[Opening INPUT RECORDS section]

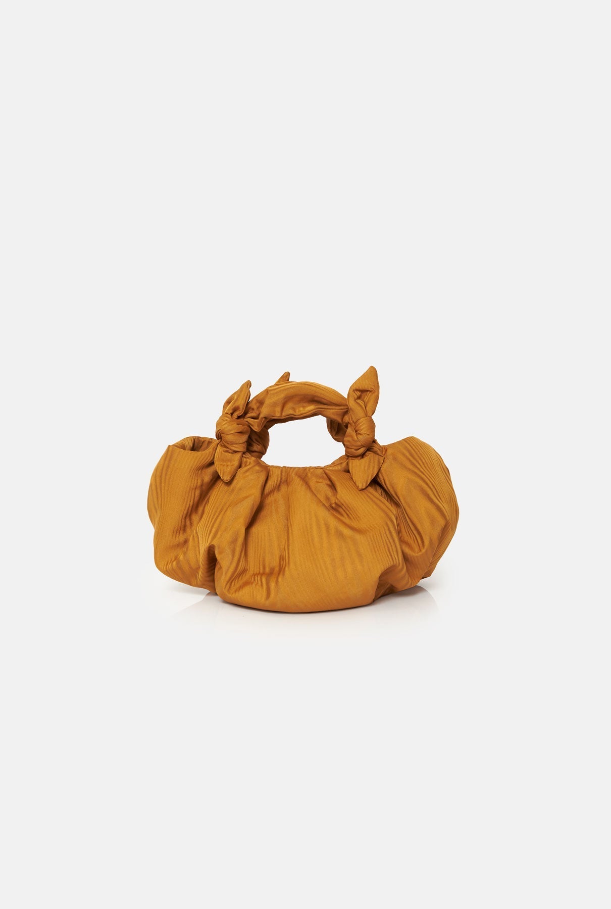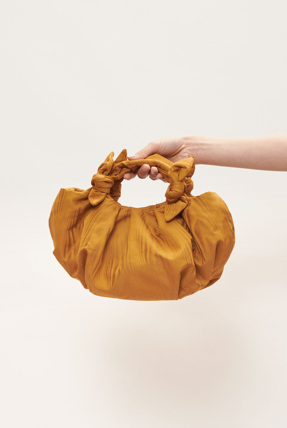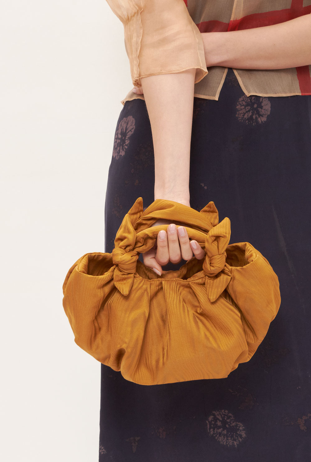 Este bolso Bernatta está elaborado en satén de seda lustroso y suave. Es un bolso de mano suave con asas anudadas y cierre de botón. Este bolso está fabricado en España con tejidos de seda del icónico proveedor de tejidos de Barcelona: Gratacós.
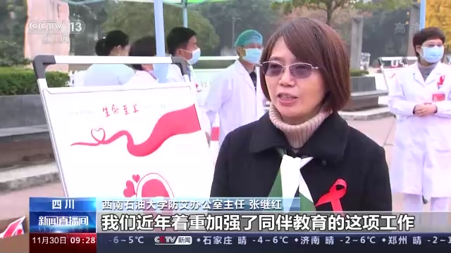 西南石油大學防艾辦公室主任 張繼紅:我們著重加強了同伴教育這項工作,每年會培訓20多位大學生(作為)同伴教育的小講師,開展60到70場主題班會和講座。(總臺央視記者 薛晨 王新琦 黃鑫 吉林臺 肖建成 李永飛 湖南臺 劉瑋 譚俊 四川臺 胡欣 李丁)
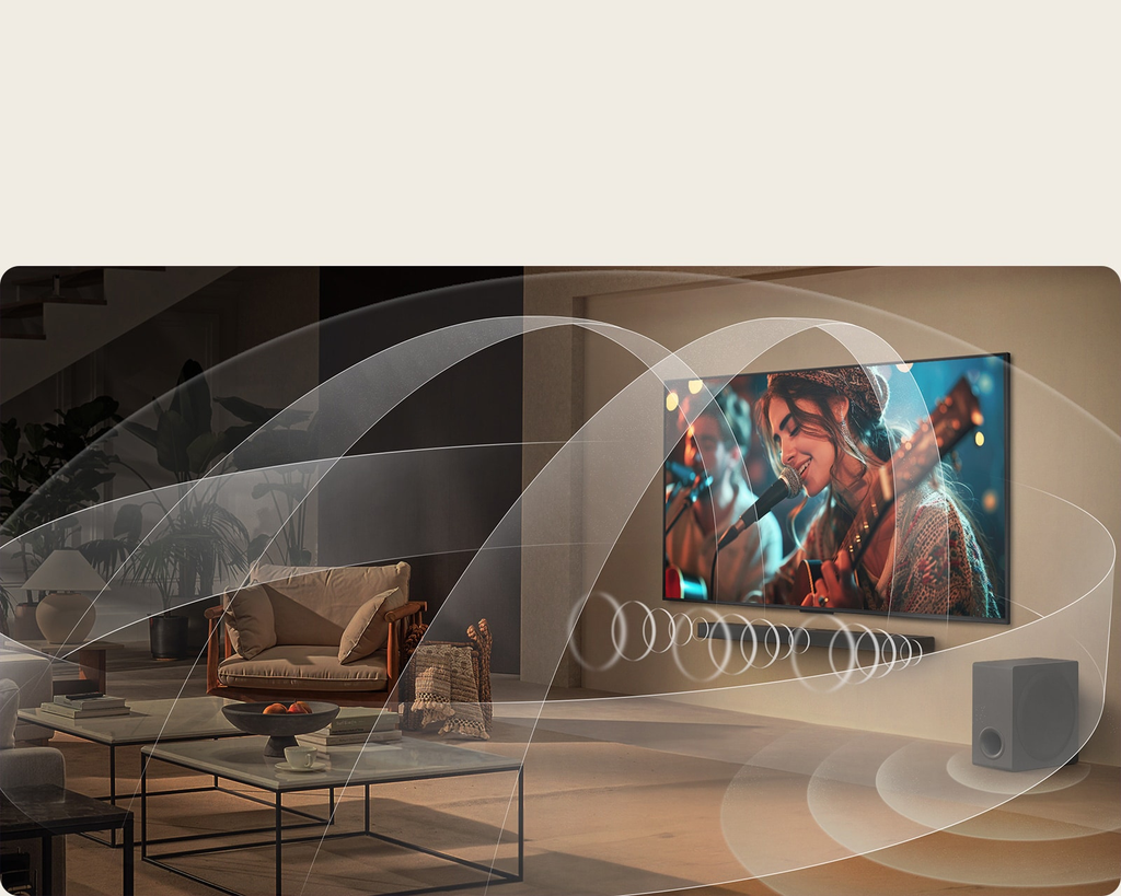 Chất lượng âm thanh cũng là yếu tố quan trọng giúp Smart Tivi LG Nanocell 43NANO80 4K 43 inch ghi điểm trong mắt người tiêu dùng. Cụ thể, công nghệ AI Sound Pro tạo hiệu ứng âm thanh vòm sống động, đưa người xem vào không gian giải trí chân thực.
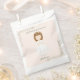 Communion Girl Prier Cette belle et douce première communion conception d'une petite brune priant paisiblement sur sa journée spéciale est sur une pêche pâle et arrière - plan sage. Accentué par un cadre feuille fleur sauvage. Chérissez les grands souvenirs de la première communion sainte de votre enfant avec ce magnifique design. Consultez les accessoires, la papeterie et les cadeaux de communion de la Première Sainte Communion correspondants.
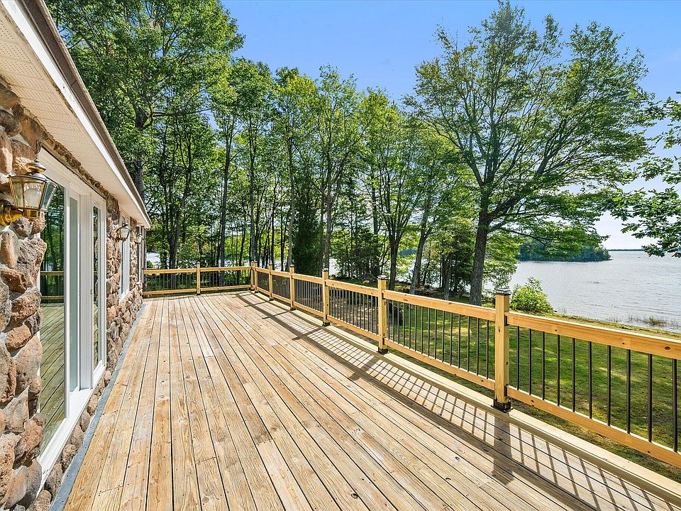 This spacious lakefront home offers room for everyone. The stone-faced exterior is complemented by an expansive deck that runs the length of the house—perfect for taking in panoramic water views. Inside, the open-concept design is anchored by the original stone fireplace, creating a warm and inviting gathering space.
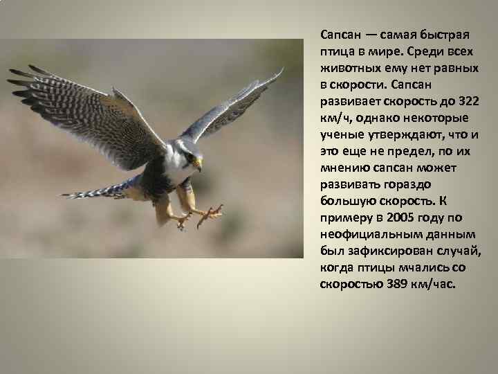 Сапсан — самая быстрая птица в мире. Среди всех животных ему нет равных в скорости. Сапсан развивает скорость до 322 км/ч, однако некоторые ученые утверждают, что и это еще не предел, по их мнению сапсан может развивать гораздо большую скорость. К примеру в 2005 году по неофициальным данным был зафиксирован случай, когда птицы мчались со скоростью 389 км/час.
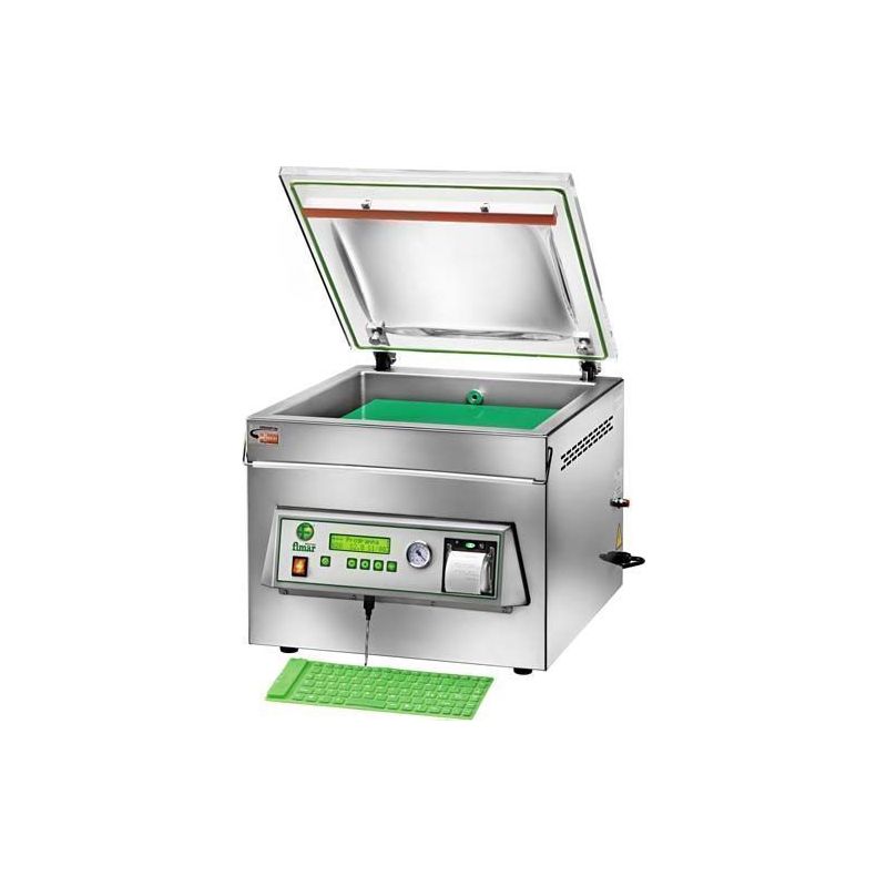Machine pour prolonger les temps de conservation des aliments, en gardant intactes les propriétés organoleptiques. Grâce à l’usage de spéciales sacs ou conteneurs, il est possible créer un niveau de vide, tel de empêcher la prolifération bactérien à baisse température. Meuble acier inox - cuve à l’intérieure en acier inox -couvercle en plexiglass - ouverture automatique du couvercle à fin du cycle - panneau des commandes mono programme avec possibilité de régler vide et soudure - barre de soudure avec membrane - pompe à huile DVP.
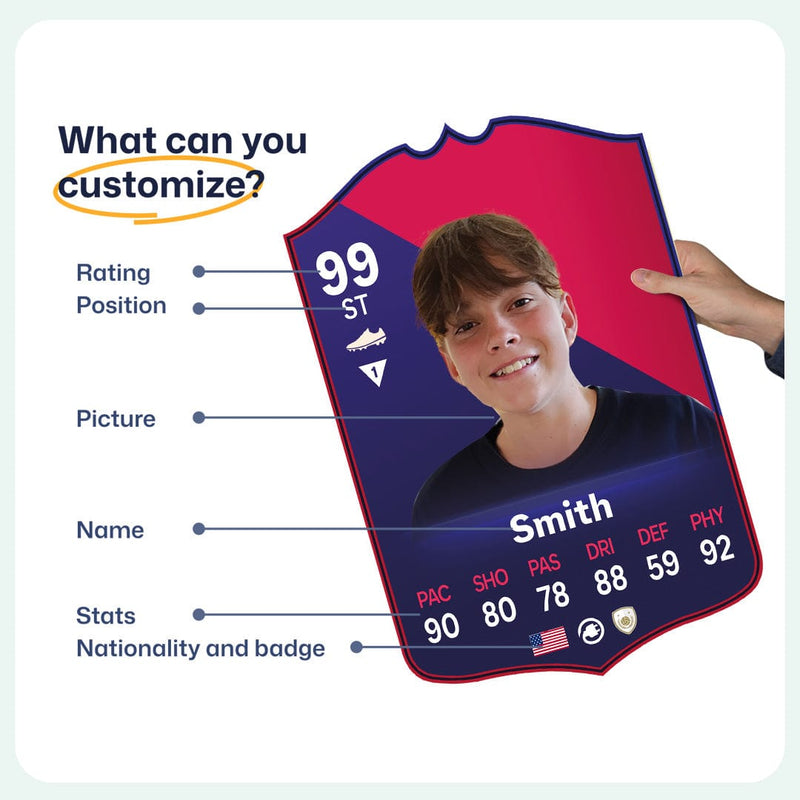 When it comes to personalising your card, the basic steps are to upload a photo and add a name to your card. Then you’ll add details like your player’s position and skill ratings out of 99 for each football skill shown on the card. Our online card builder makes this really easy. And if you aren’t a football card expert, don’t worry!
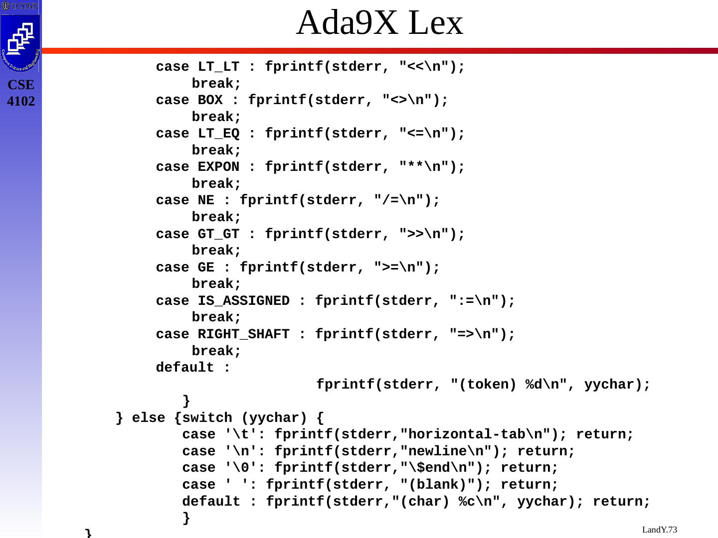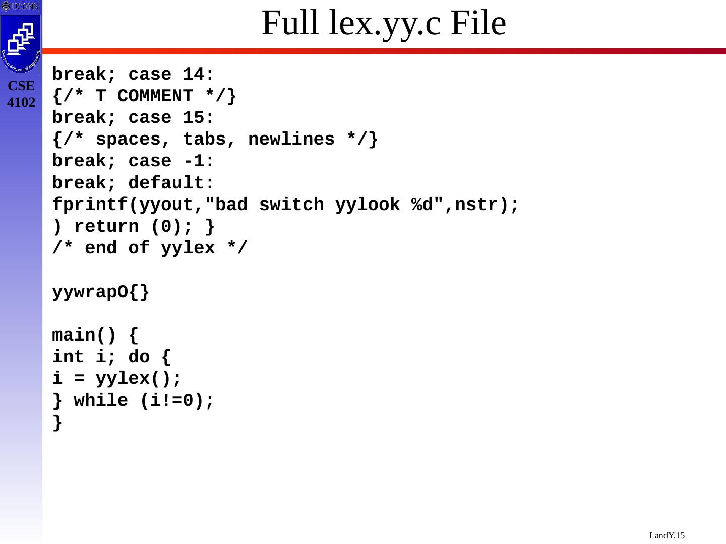 14 .Full lex.yy.c File case 4: { #ifdef PRNTFLG printf(" %s ", yytext); #endif return(T_THEN); } break; case 5: {printf(" %s ", yytext);return(T_EQ);} break; case 6: {printf(" %s ", yytext);return(T_LT);} break; case 7: {printf(" %s ", yytext);return(T_NE);) break; case 8: {printf(" %s ", yytext);return(T_GE);} break; case 9: {printf(" %s ", yytext);return(T_GT);} break; case 10: {printf(" %s ", yytext);return(T_IDENTIFIER);} break; case 11: {printf(" %s ", yytext);return(T_INTEGER);) break; case 12: {printf(" %s ", yytext) ;return(T_REAL); } break; case 13: {printf(" %s ", yytext);return(T_STRING);}
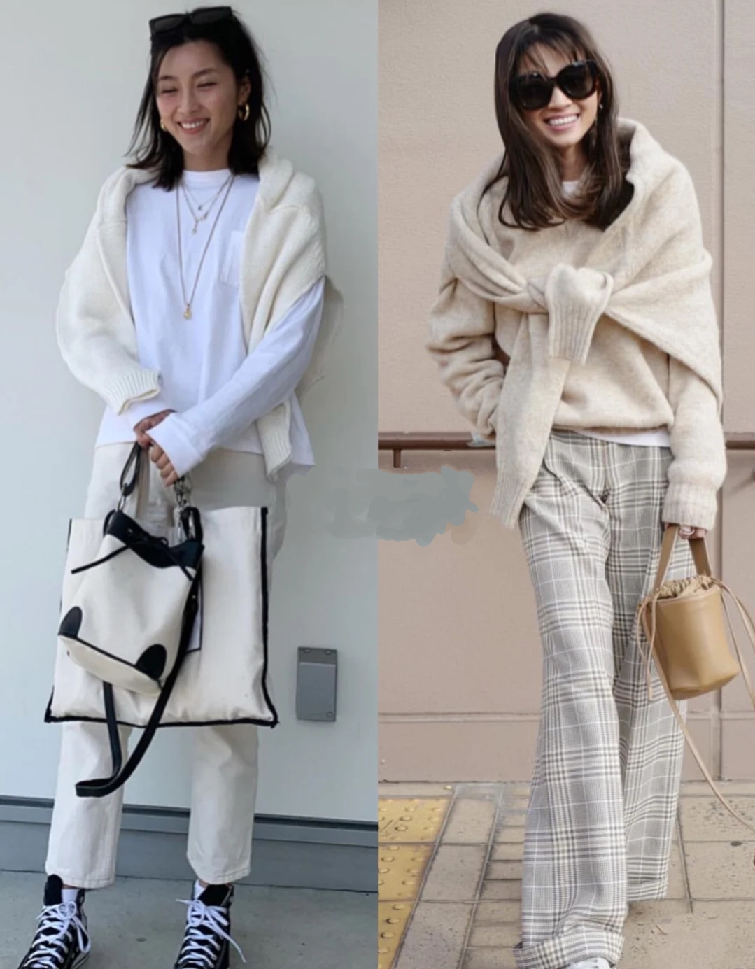 米色针织坎肩叠穿白色长袖T恤,坎肩色系呼应休闲直筒裤,减龄又时尚;米灰色针织坎肩叠穿同色针织衫,造型立刻与众不同。

[Closing INPUT RECORDS section]

- **TASK PROMPT**: We ask that the entries above be copied exactly, with the pictures omitted.

- **FINISHED EXERCISE**:
 Este bolso Bernatta está elaborado en satén de seda lustroso y suave. Es un bolso de mano suave con asas anudadas y cierre de botón. Este bolso está fabricado en España con tejidos de seda del icónico proveedor de tejidos de Barcelona: Gratacós.
 西南石油大學防艾辦公室主任 張繼紅:我們著重加強了同伴教育這項工作,每年會培訓20多位大學生(作為)同伴教育的小講師,開展60到70場主題班會和講座。(總臺央視記者 薛晨 王新琦 黃鑫 吉林臺 肖建成 李永飛 湖南臺 劉瑋 譚俊 四川臺 胡欣 李丁)
 Chất lượng âm thanh cũng là yếu tố quan trọng giúp Smart Tivi LG Nanocell 43NANO80 4K 43 inch ghi điểm trong mắt người tiêu dùng. Cụ thể, công nghệ AI Sound Pro tạo hiệu ứng âm thanh vòm sống động, đưa người xem vào không gian giải trí chân thực.
 Communion Girl Prier Cette belle et douce première communion conception d'une petite brune priant paisiblement sur sa journée spéciale est sur une pêche pâle et arrière - plan sage. Accentué par un cadre feuille fleur sauvage. Chérissez les grands souvenirs de la première communion sainte de votre enfant avec ce magnifique design. Consultez les accessoires, la papeterie et les cadeaux de communion de la Première Sainte Communion correspondants.
 This spacious lakefront home offers room for everyone. The stone-faced exterior is complemented by an expansive deck that runs the length of the house—perfect for taking in panoramic water views. Inside, the open-concept design is anchored by the original stone fireplace, creating a warm and inviting gathering space.
 Сапсан — самая быстрая птица в мире. Среди всех животных ему нет равных в скорости. Сапсан развивает скорость до 322 км/ч, однако некоторые ученые утверждают, что и это еще не предел, по их мнению сапсан может развивать гораздо большую скорость. К примеру в 2005 году по неофициальным данным был зафиксирован случай, когда птицы мчались со скоростью 389 км/час.
Machine pour prolonger les temps de conservation des aliments, en gardant intactes les propriétés organoleptiques. Grâce à l’usage de spéciales sacs ou conteneurs, il est possible créer un niveau de vide, tel de empêcher la prolifération bactérien à baisse température. Meuble acier inox - cuve à l’intérieure en acier inox -couvercle en plexiglass - ouverture automatique du couvercle à fin du cycle - panneau des commandes mono programme avec possibilité de régler vide et soudure - barre de soudure avec membrane - pompe à huile DVP.
 When it comes to personalising your card, the basic steps are to upload a photo and add a name to your card. Then you’ll add details like your player’s position and skill ratings out of 99 for each football skill shown on the card. Our online card builder makes this really easy. And if you aren’t a football card expert, don’t worry!
 14 .Full lex.yy.c File case 4: { #ifdef PRNTFLG printf(" %s ", yytext); #endif return(T_THEN); } break; case 5: {printf(" %s ", yytext);return(T_EQ);} break; case 6: {printf(" %s ", yytext);return(T_LT);} break; case 7: {printf(" %s ", yytext);return(T_NE);) break; case 8: {printf(" %s ", yytext);return(T_GE);} break; case 9: {printf(" %s ", yytext);return(T_GT);} break; case 10: {printf(" %s ", yytext);return(T_IDENTIFIER);} break; case 11: {printf(" %s ", yytext);return(T_INTEGER);) break; case 12: {printf(" %s ", yytext) ;return(T_REAL); } break; case 13: {printf(" %s ", yytext);return(T_STRING);}
 米色针织坎肩叠穿白色长袖T恤,坎肩色系呼应休闲直筒裤,减龄又时尚;米灰色针织坎肩叠穿同色针织衫,造型立刻与众不同。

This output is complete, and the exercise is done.